# Sacto/stockton Caravan to Freakmont



## the1_theDAve (Jul 13, 2003)

Those who want to caravan together from Sacramento and Stockton.
We will be meeting at the McDonalds parking lot in south sac. 
Calvine Rd. and Power Inn Rd.
Its the same parking lot as Lowe Hardware store.
We will be leaving at 10am so be there before that.
From there we'll be stopping at the Chevron station at Lathrop Rd. and I-5. Around 10:45. and Pulling out at 11am.

That should get us to Fremont around 12 - 12:30, depending on the traffic at Tracy . 

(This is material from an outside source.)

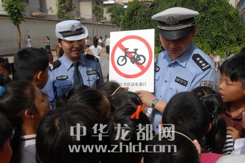 ????5月29日,七一交巡警大隊來到六一路小學,為小朋友們上了一堂內容豐富、形象生動的交通安全知識宣傳課并向學生們發(fā)放了《小學生交通安全手冊》。根據小學教育的特點,民警通過與學生們一起做游戲,寓教于樂,圍繞交通信號、指揮手勢、識別交通標志標線、文明行走、文明乘車等內容開展講解,引導小朋友們做到“紅燈停,綠燈行”。并借助生動活潑的宣傳圖片展示,圍繞交通安全常識開展互動競猜等容易接受的方式開展宣傳,為學生們上了一堂形象生動的交通安全課,引導其從小樹立文明交通意識。
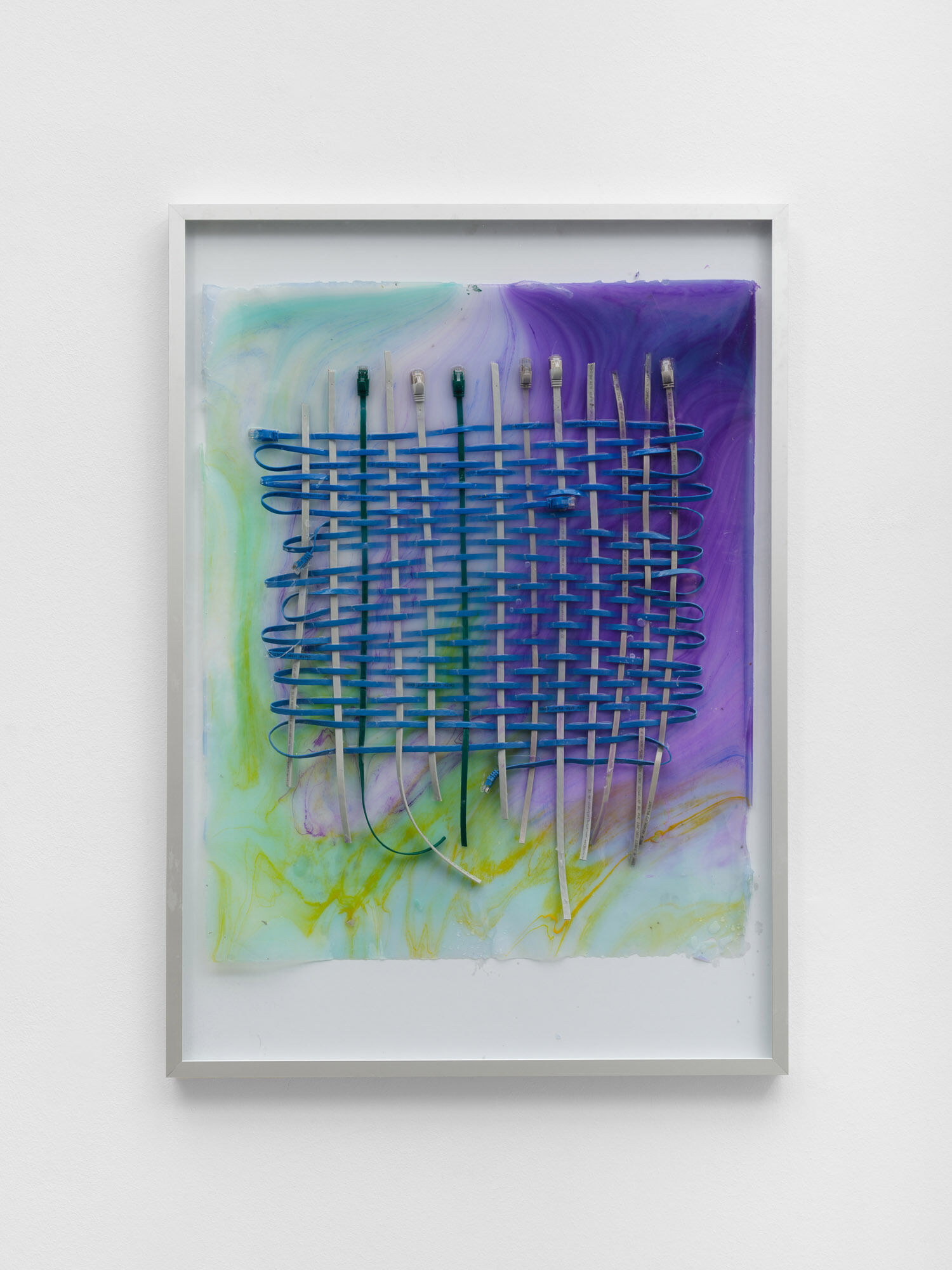 acrylic on canvas, NFC tags, metal frame

This setup is basically the same as last year except an hour earlier, for those who went last year.


----------



## BLegacy (Jan 24, 2003)

Those with 2 way radios/CB, tune to channel 2 and/or subchannel 22.


----------



## the1_theDAve (Jul 13, 2003)

BLegacy said:


> Those with 2 way radios/CB, tune to channel 2 and/or subchannel 22.


did you get radio's?


----------



## BLegacy (Jan 24, 2003)

the1_theDAve said:


> did you get radio's?



I thought you knew? Yeah, I've had them since we were planning the Latrobe RD Run.


----------



## the1_theDAve (Jul 13, 2003)

Just to let those know. I'll will be getting at th McD's at around 9:30 to eat a little. Reminder we will be leaving at 10am. Just so we can make good time. We're NOT doing much more than the speed limit. 
Not like last year, where it was like a race to get there. It maybe fun but its extremely dangerous. There was a caravan like this about a year ago with some BMW's a some people got killed for being stupid. 
SO anyways... 
Its only two days away, if you need to get ahold of me the best way is by email [email protected] .
See all of you then.


----------



## Loki (Jan 12, 2004)

im in tracy i wanna go....WIIIIIIIIIIIIIIIIII :fluffy: LOL


----------



## the1_theDAve (Jul 13, 2003)

Loki said:


> im in tracy i wanna go....WIIIIIIIIIIIIIIIIII :fluffy: LOL


You can meet us in Lathrop or watch for us as we pass thru Tracy. Just watch for a bunch of Nissans together. around 11 - 11:30 HEHE


----------



## Loki (Jan 12, 2004)

the1_theDAve said:


> You can meet us in Lathrop or watch for us as we pass thru Tracy. Just watch for a bunch of Nissans together. around 11 - 11:30 HEHE



you guys are gonna pass by 11th Street in Tracy towars Livermore right?


----------



## the1_theDAve (Jul 13, 2003)

Loki said:


> you guys are gonna pass by 11th Street in Tracy towars Livermore right?



Yea were taking 205/580.


----------